Re: [PATCH] firmware: arm_scmi: fix timeout value for send_message
From: Sudeep Holla
Date: Wed Jun 10 2020 - 04:23:26 EST
On Sun, Jun 07, 2020 at 02:30:23PM -0500, jassisinghbrar@xxxxxxxxx wrote:
> From: Jassi Brar <jaswinder.singh@xxxxxxxxxx>
>
> Currently scmi_do_xfer() submits a message to mailbox api and waits
> for an apparently very short time. This works if there are not many
> messages in the queue already. However, if many clients share a
> channel and/or each client submits many messages in a row, the
The recommendation in such scenarios is to use multiple channel.

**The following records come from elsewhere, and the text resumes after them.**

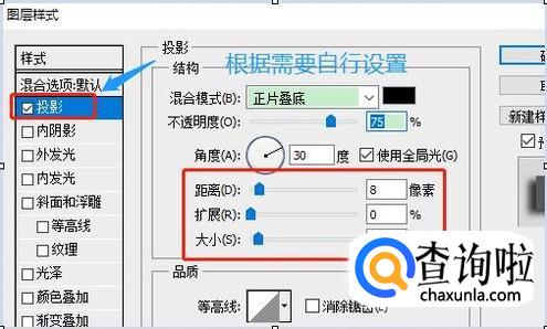 接着依旧在该对话框,这次我们切换至"内阴影"选项,设置方法和刚才的一样,具体数值要根据背景以及自己想要的效果来设置,没有统一的参数供参考;
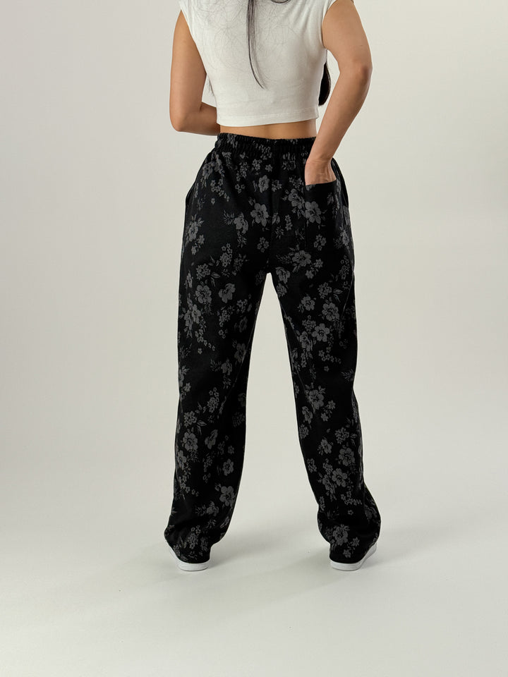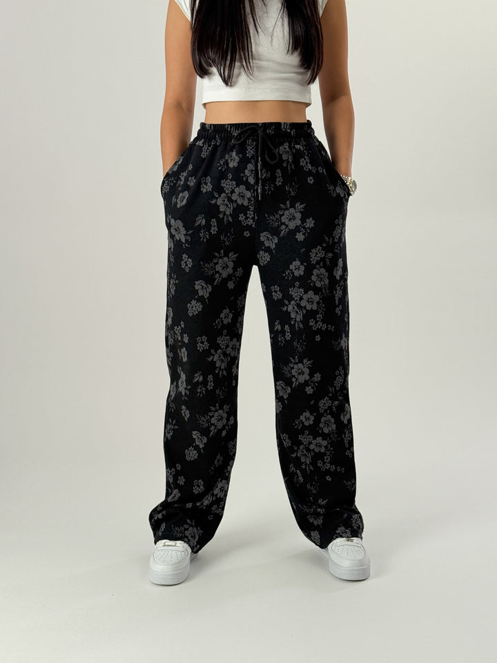 Tasarım Çiçek Baskı Kadın Baggy Pantolon COC1050
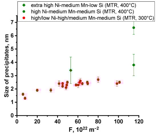 Precipitate sizes in high/low Ni, high/medium Mn, and medium Si steels as a function of fluence (F).
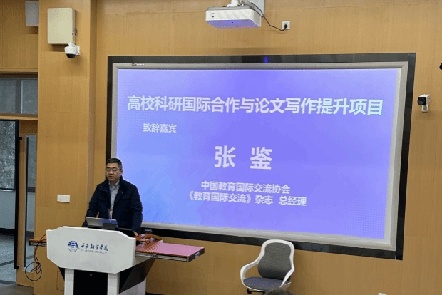 11月14日-18日,由中国教育国际交流协会主办,中国教育国际交流研修学院和西安翻译学院承办的“高校科研国际合作与论文写作能力提升”项目在西安翻译学院继续教育学院成功举办。此次项目旨在为高校从事国际合作或科学研究人员在国际性期刊上发表论文提供学术支持。中国教育国际交流协会《教育国际交流》杂志总经理张鉴出席开班仪式并致辞,来自全国三十余所高校的科研骨干教师参加了培训。
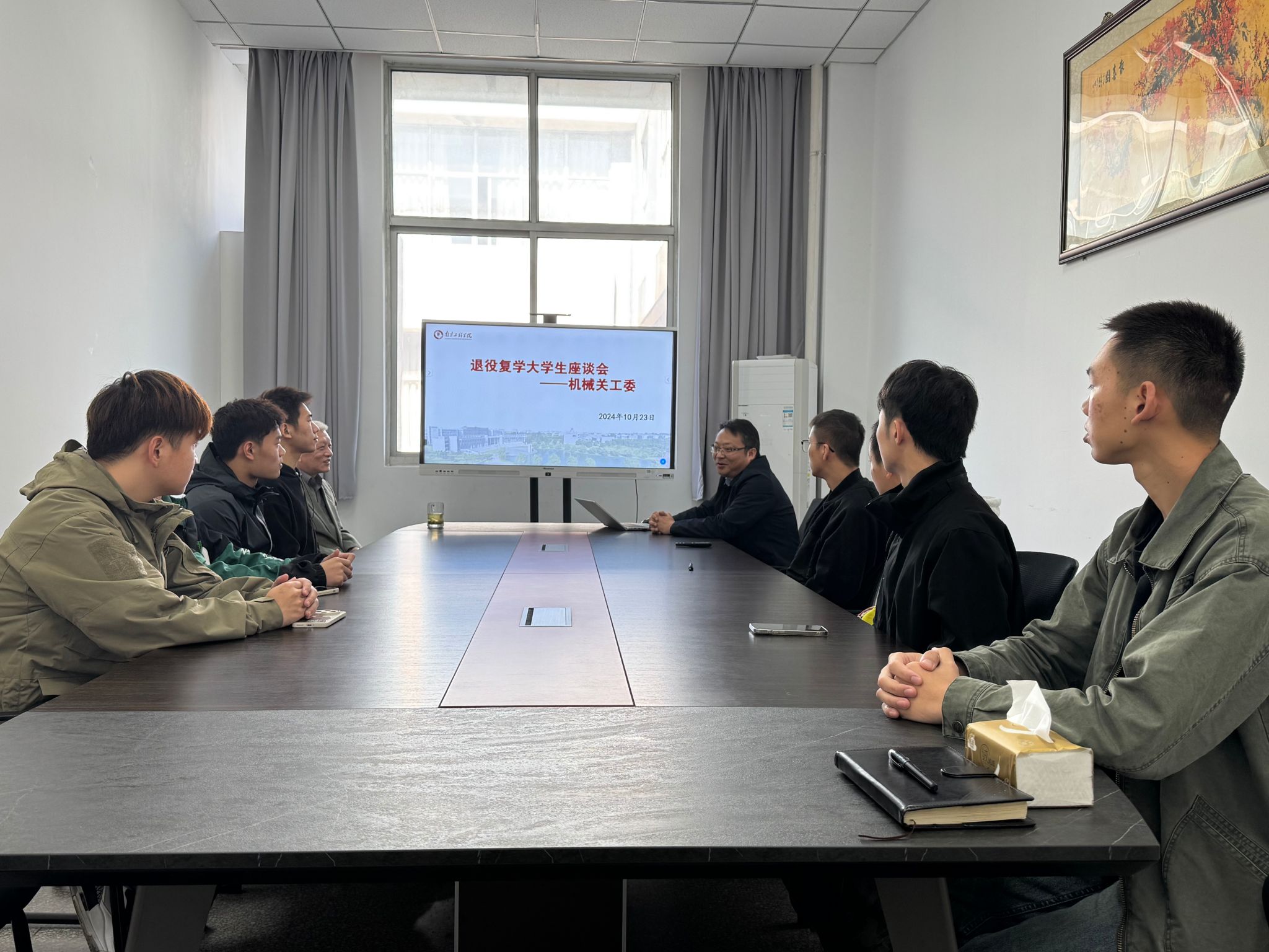 刘树春对同学们回归校园表示欢迎,他肯定了同学们积极投身国防建设的奉献精神,并勉励大家尽快适应新的校园环境,确立新的学习目标,在今后学习生活中保持在部队的优良作风,不断追求进步。他表示学院会帮助大家尽快重新融入校园生活,切实解决在学业、生活等方面遇到的困难,让大家的学习生活没有后顾之忧。何小龙勉励同学们根据自身的实际情况做好学业、生活规划,既要打牢专业理论基础,结合学科竞赛等科创项目加深专业理解,切实提升专业能力,也要关注社会前沿科技,结合兴趣爱好提前做好发展规划,充分发挥主观能动性。
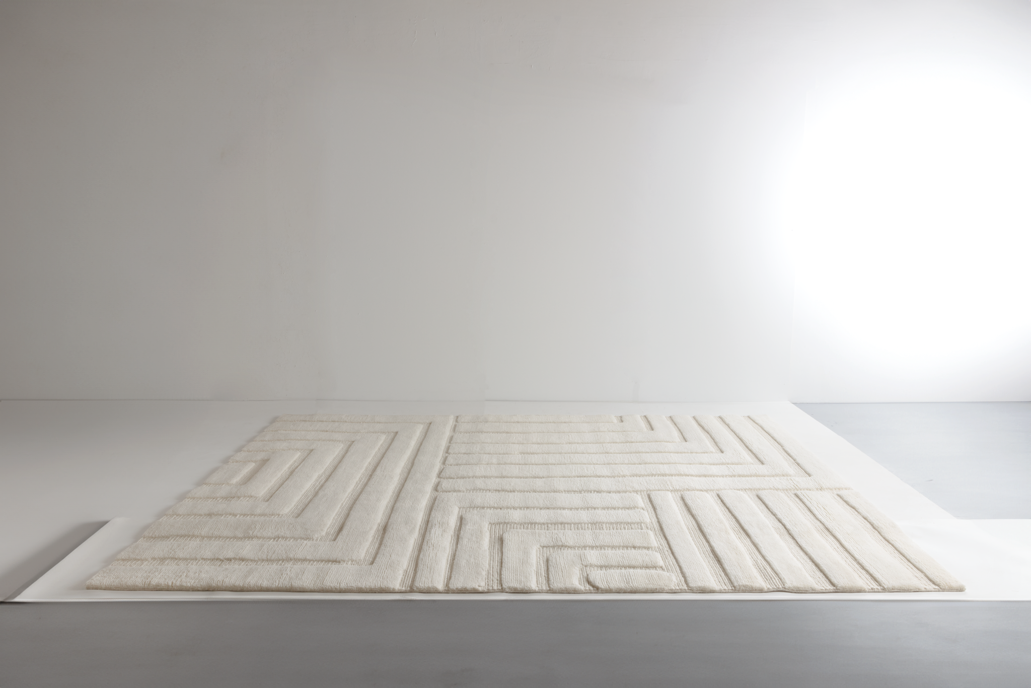 Handwoven in Belgium, the Samoa Maze Rug unites soft wool comfort with a bold geometric pattern – a refined statement for modern interiors.
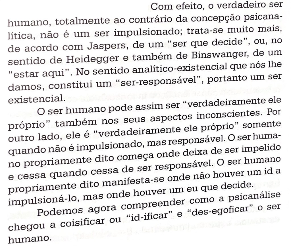 Fiquei satisfeitíssimo que um médico tenha operado essa justa correção na visão de mundo do Psiquismo. O ser humano completamente manipulado pelos impulsos que determinam o seu ser, interior e exteriormente, nunca existiu e nunca existirá. Ao contrário, ser humano significa ter liberdade interior diante de qualquer circunstância, ainda que sem o poder de modificá-la exteriormente, mas sempre podendo assentir e rejeitar, desejar e repelir, etc.
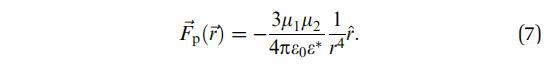 正如預期的那樣,對于較大距離,它減少到兩點偶極子r 4的力。這些表達式不描述實驗相關區間(2+0.1)R 10R內的域之間的相互作用,因此必須對等式(4)進行數值積分。與解析表達式相比,該4D積分在模擬中代表了更多的計算工作量。這就是為什么更容易近似磁疇中心點偶極子的相互作用,偶極矩mi表示磁疇區域上的偶極密度,mi=sAi。然后,垂直于界面的點偶極子的對電勢為
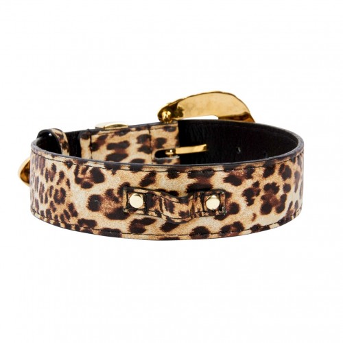 Leopard Print Italian Leather Collar With Swarovski Crystal Hardware
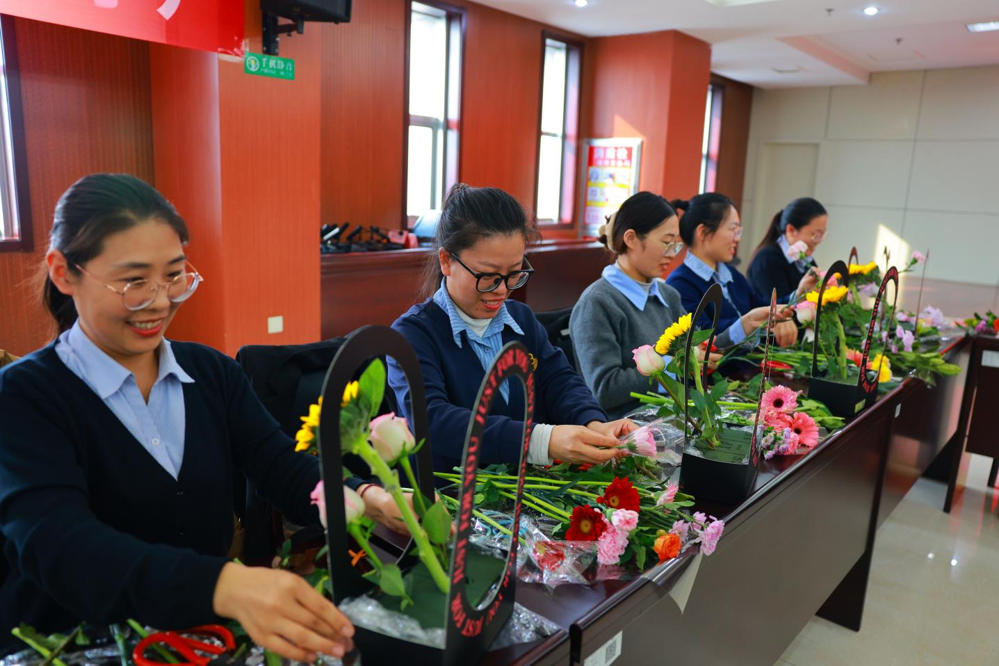 活動(dòng)現(xiàn)場,專業(yè)花藝?yán)蠋煘榇蠹以敿?xì)講解了花卉知識(shí)、插花技巧和藝術(shù)構(gòu)圖。女員工們聽得津津有味,從花材的選擇與處理,到色彩搭配和造型設(shè)計(jì),不時(shí)提出問題,與花藝師積極互動(dòng)。
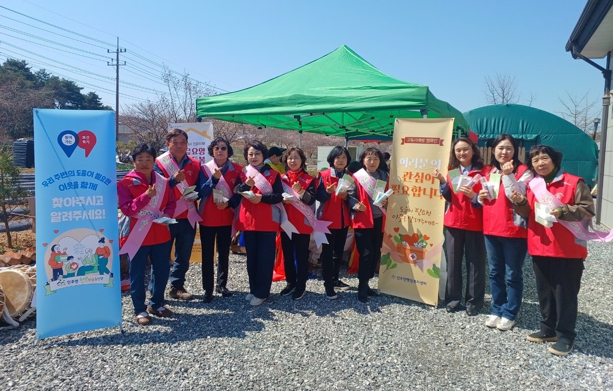 [충청25시] 아산시 인주면 행복키움추진단이 지난 8일 제4회 냉정리 벚꽃축제 현장에서 1인 가구 중장년 및 노인의 은둔 고독사 예방과 복지 사각지대 발굴을 위한 홍보 캠페인을 펼쳤다.
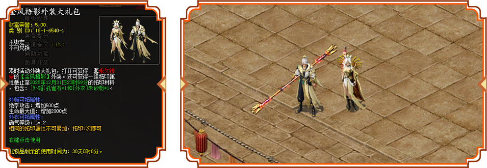 2、现在选购不仅可以收获永久的限定时装,同时还可获得3个月的强劲拓印属性:霸气等级Lv2、绝学攻击500点、生命最大值2000点。
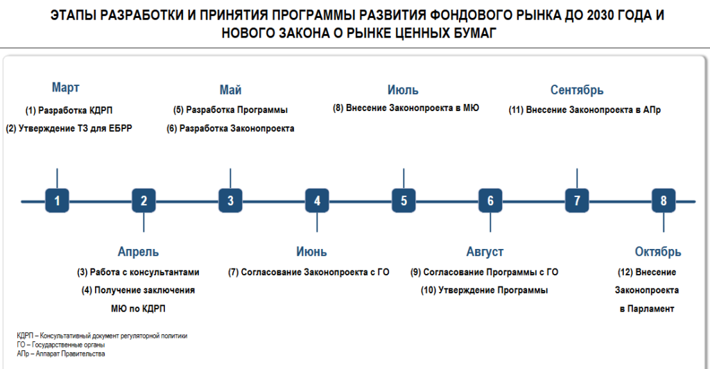 Для реализации этой стратегии АРРФР совместно с Национальным Банком приступает к разработке Программы развития фондового рынка до 2030 года и абсолютно нового профильного закона.

> timeout value becomes too short and returns error even if the mailbox
> is working fine according to the load. The timeout occurs when the
> message is still in the api/queue awaiting its turn to ride the bus.
>
> Fix this by increasing the timeout value enough (500ms?) so that it
> fails only if there is an actual problem in the transmission (like a
> lockup or crash).
>
> [If we want to capture a situation when the remote didn't
> respond within expected latency, then the timeout should not
> start here, but from tx_prepare callback ... just before the
> message physically gets on the channel]
>
The bottle neck may not be in the remote. It may be mailbox serialising
the requests even when it can parallelise.
> Signed-off-by: Jassi Brar <jaswinder.singh@xxxxxxxxxx>
> ---
> drivers/firmware/arm_scmi/driver.c | 4 ++--
> 1 file changed, 2 insertions(+), 2 deletions(-)
>
> diff --git a/drivers/firmware/arm_scmi/driver.c b/drivers/firmware/arm_scmi/driver.c
> index dbec767222e9..46ddafe7ffc0 100644
> --- a/drivers/firmware/arm_scmi/driver.c
> +++ b/drivers/firmware/arm_scmi/driver.c
> @@ -303,7 +303,7 @@ int scmi_do_xfer(const struct scmi_handle *handle, struct scmi_xfer *xfer)
> }
>
> if (xfer->hdr.poll_completion) {
> - ktime_t stop = ktime_add_ns(ktime_get(), SCMI_MAX_POLL_TO_NS);
> + ktime_t stop = ktime_add_ns(ktime_get(), 500 * 1000 * NSEC_PER_USEC);
>
This is unacceptable delay for schedutil fast_switch. So no for this one.
> spin_until_cond(scmi_xfer_done_no_timeout(cinfo, xfer, stop));
>
> @@ -313,7 +313,7 @@ int scmi_do_xfer(const struct scmi_handle *handle, struct scmi_xfer *xfer)
> ret = -ETIMEDOUT;
> } else {
> /* And we wait for the response. */
> - timeout = msecs_to_jiffies(info->desc->max_rx_timeout_ms);
> + timeout = msecs_to_jiffies(500);
In general, this hides issues in the remote. We are trying to move towards
tops 1ms for a request and with MBOX_QUEUE at 20, I see 20ms is more that
big enough. We have it set to 30ms now. 500ms is way too large and not
required IMO.
--
Regards,
Sudeep